#### TASK:
For this exercise, an exact copy is needed of only the lines from the one containing "Hotel Discount: up to 60% off" through the end of the data, with pictures left out.
____ INFORMATION SHOWN
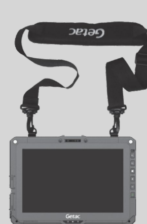
Attaching to the Tablet
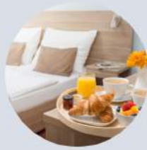
Hotel Discount: up to 60% off
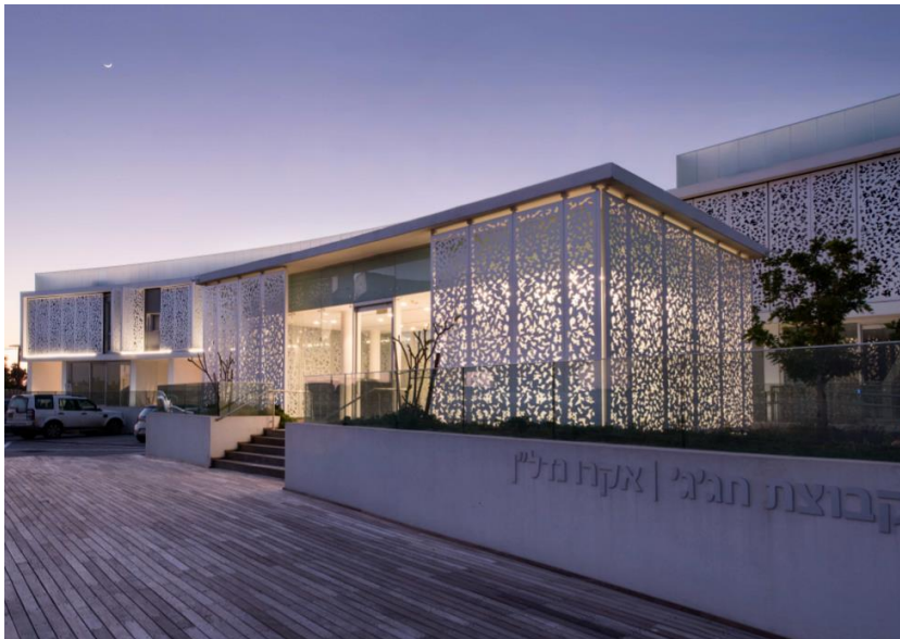
The goal in the Arsuf Promenade project was to achieve a calming effect through the lighting design.
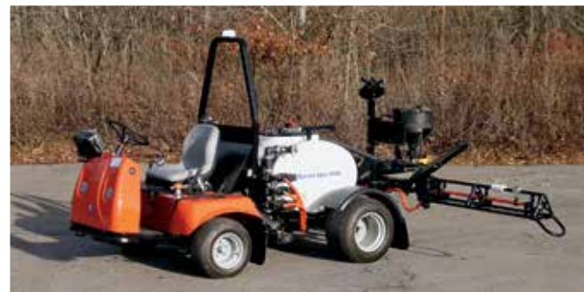
Unused - 2017 Smithco Spray Star 1008D
________
#### RESPONSE BELOW:
Hotel Discount: up to 60% off
The goal in the Arsuf Promenade project was to achieve a calming effect through the lighting design.
Unused - 2017 Smithco Spray Star 1008D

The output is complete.